*Data segment*
--
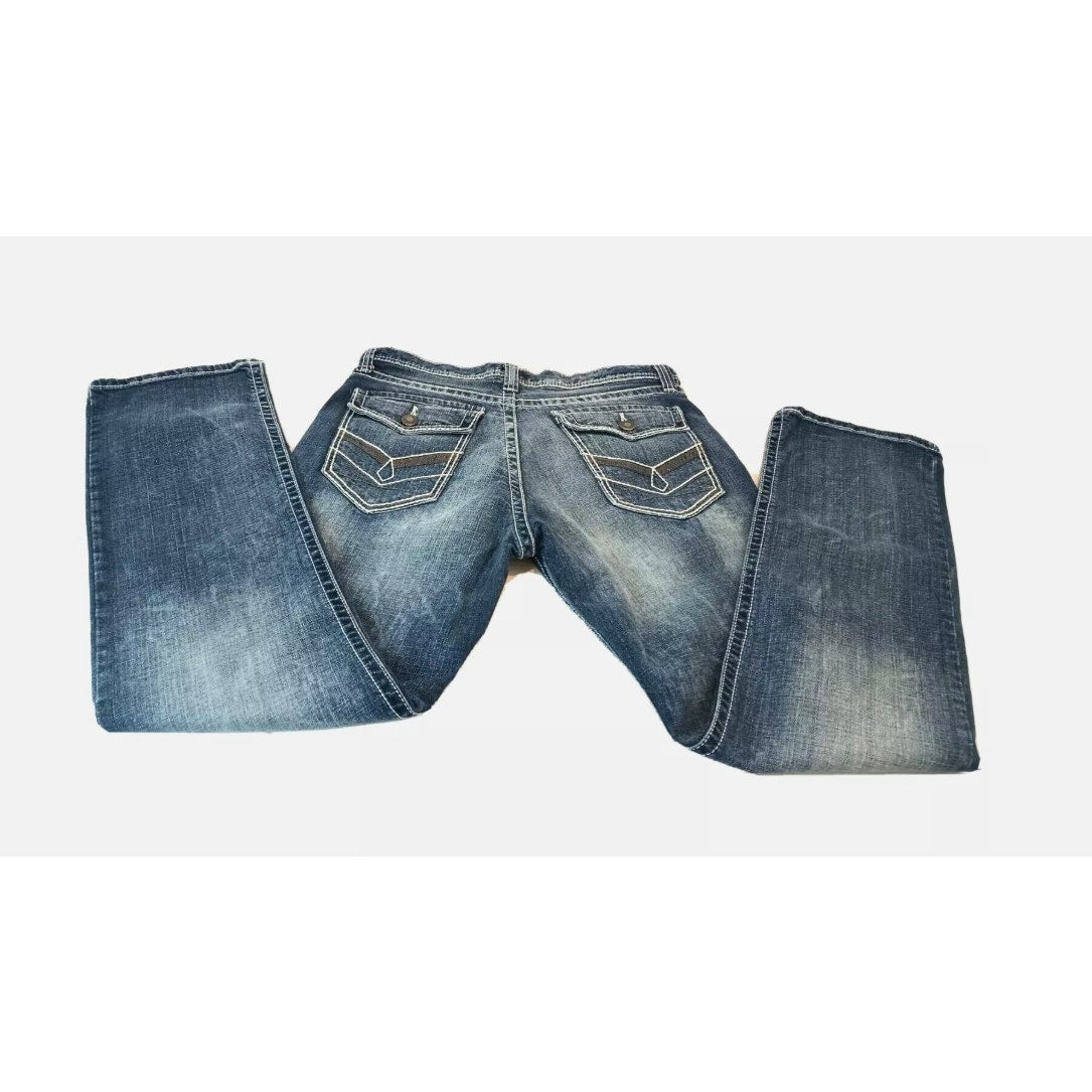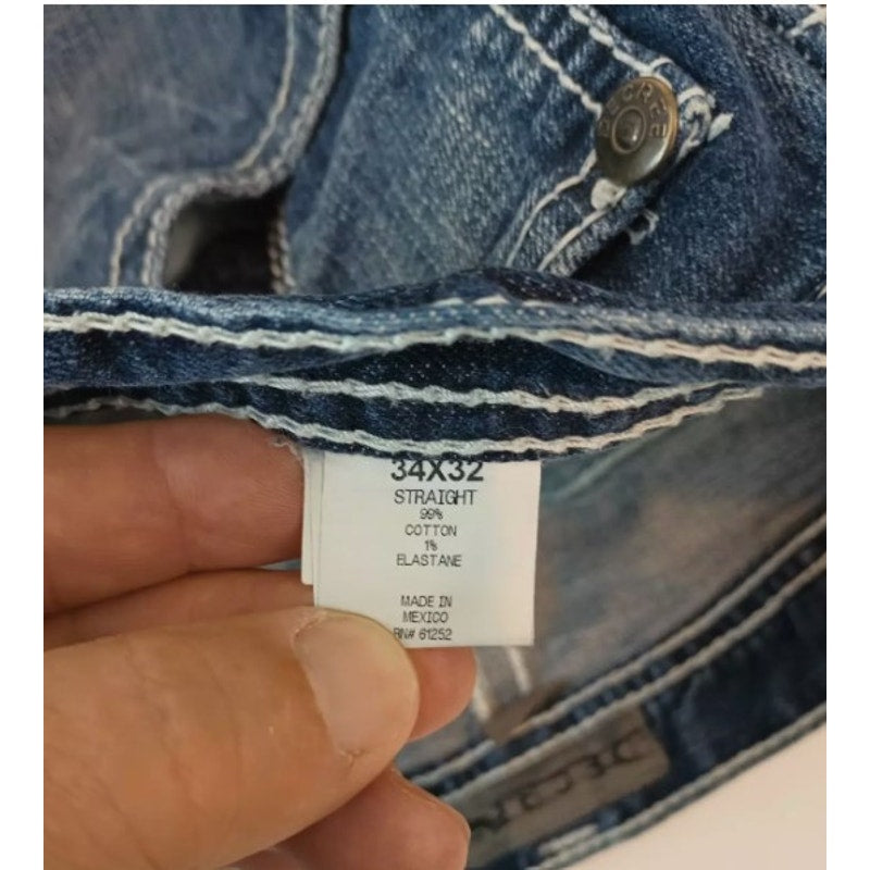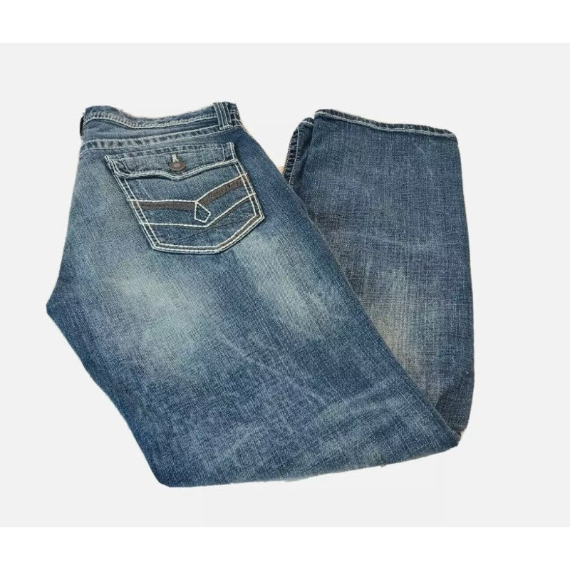 Decree Flex Denim Straight Medium Wash Jeans Design Pockets Men's 35 x 32
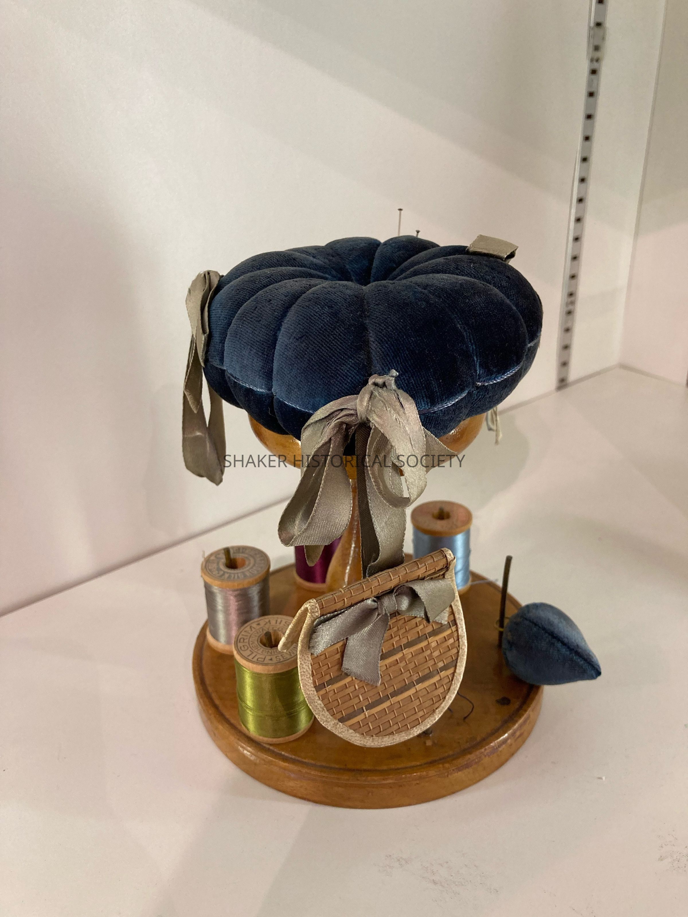 Pincushion and spool holder. Pin cushion is blue velvet. Total height 6.5" Base 5" diam. Wood frame to hold pin cushion with emery ball of blue velvet and needle holder. Pins for six spools of thread.Acquisition
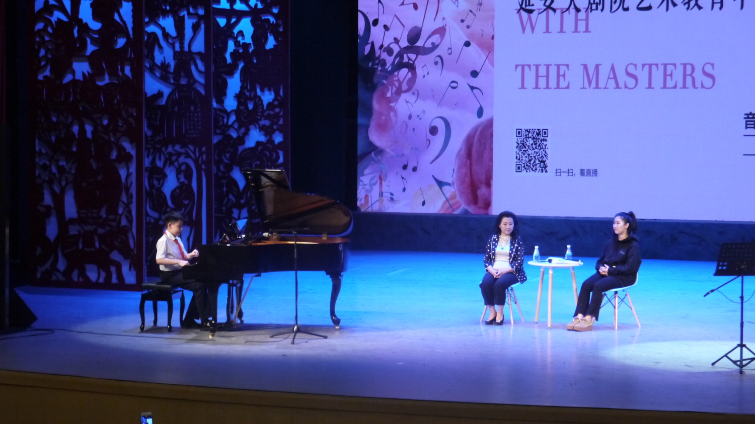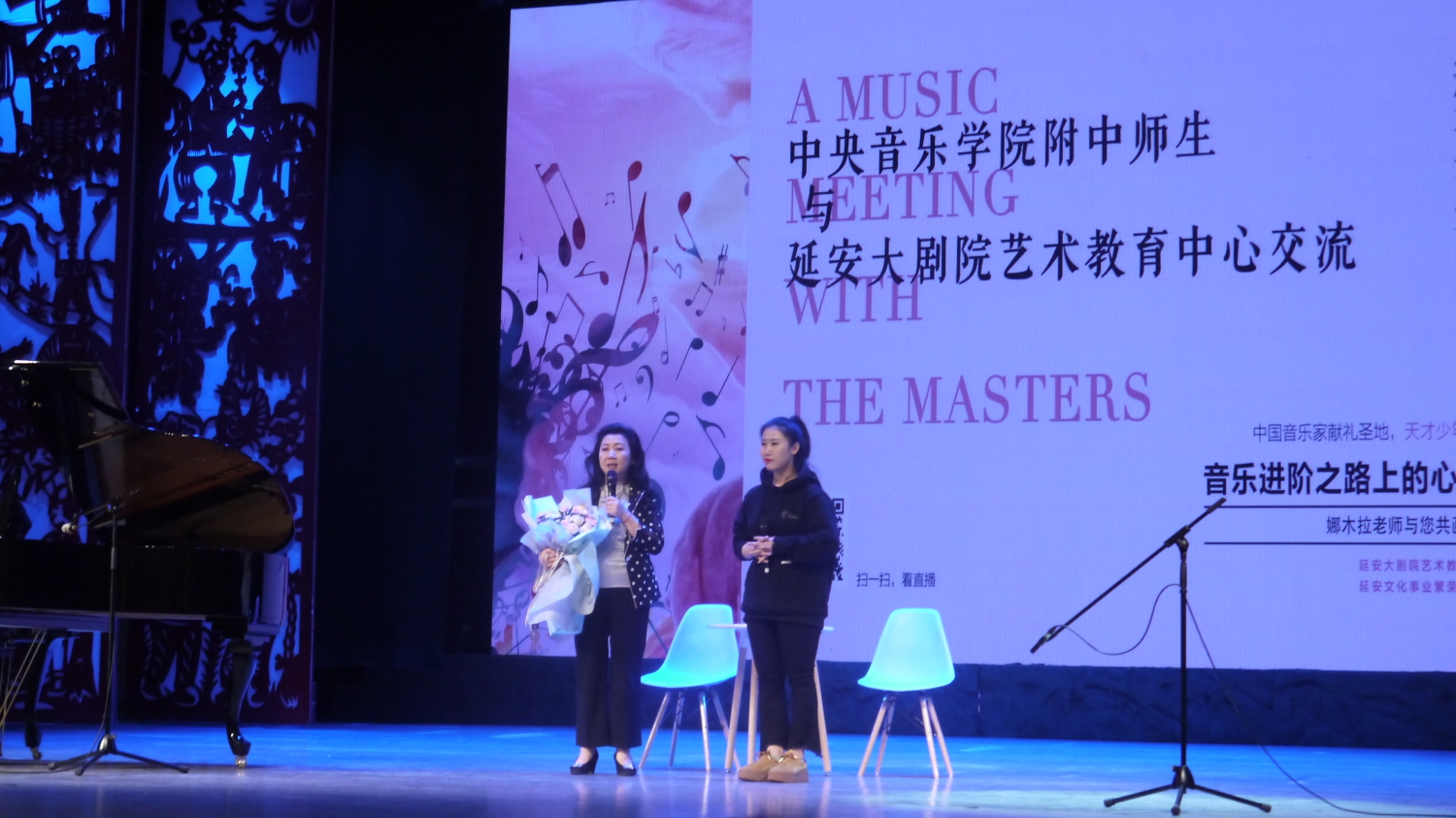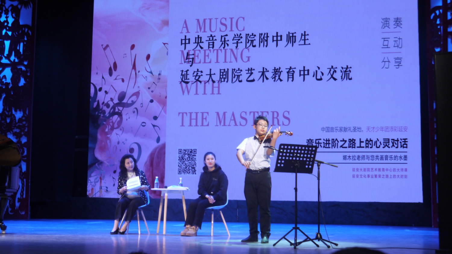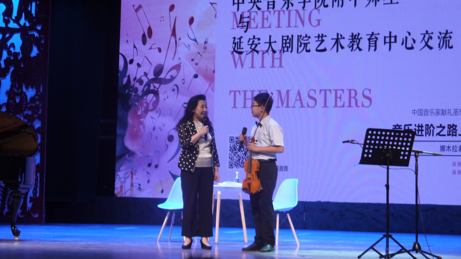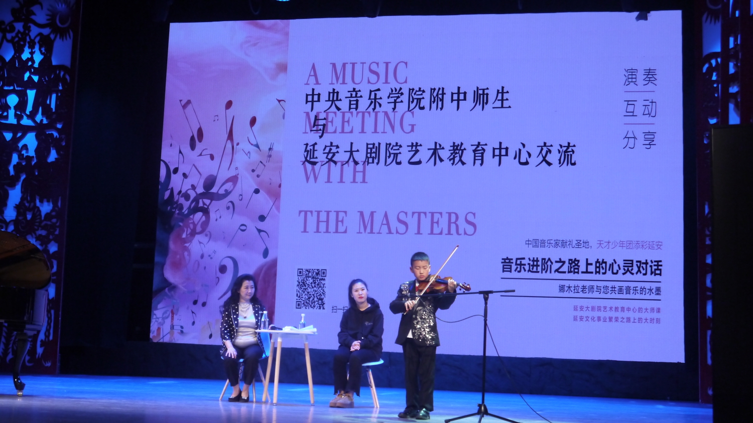5月26日下午,KY开元附中校长娜木拉带领附中“天才少年团”的4名学生来到延安大剧院艺术教育中心,与延安当地的音乐爱好者及延安的小演奏家进行关于音乐教育和学习相关交流。
--
*What this task involves*
Repeat the data exactly, excluding the pictures.

*Solution for this task*
 Decree Flex Denim Straight Medium Wash Jeans Design Pockets Men's 35 x 32
 Pincushion and spool holder. Pin cushion is blue velvet. Total height 6.5" Base 5" diam. Wood frame to hold pin cushion with emery ball of blue velvet and needle holder. Pins for six spools of thread.Acquisition
5月26日下午,KY开元附中校长娜木拉带领附中“天才少年团”的4名学生来到延安大剧院艺术教育中心,与延安当地的音乐爱好者及延安的小演奏家进行关于音乐教育和学习相关交流。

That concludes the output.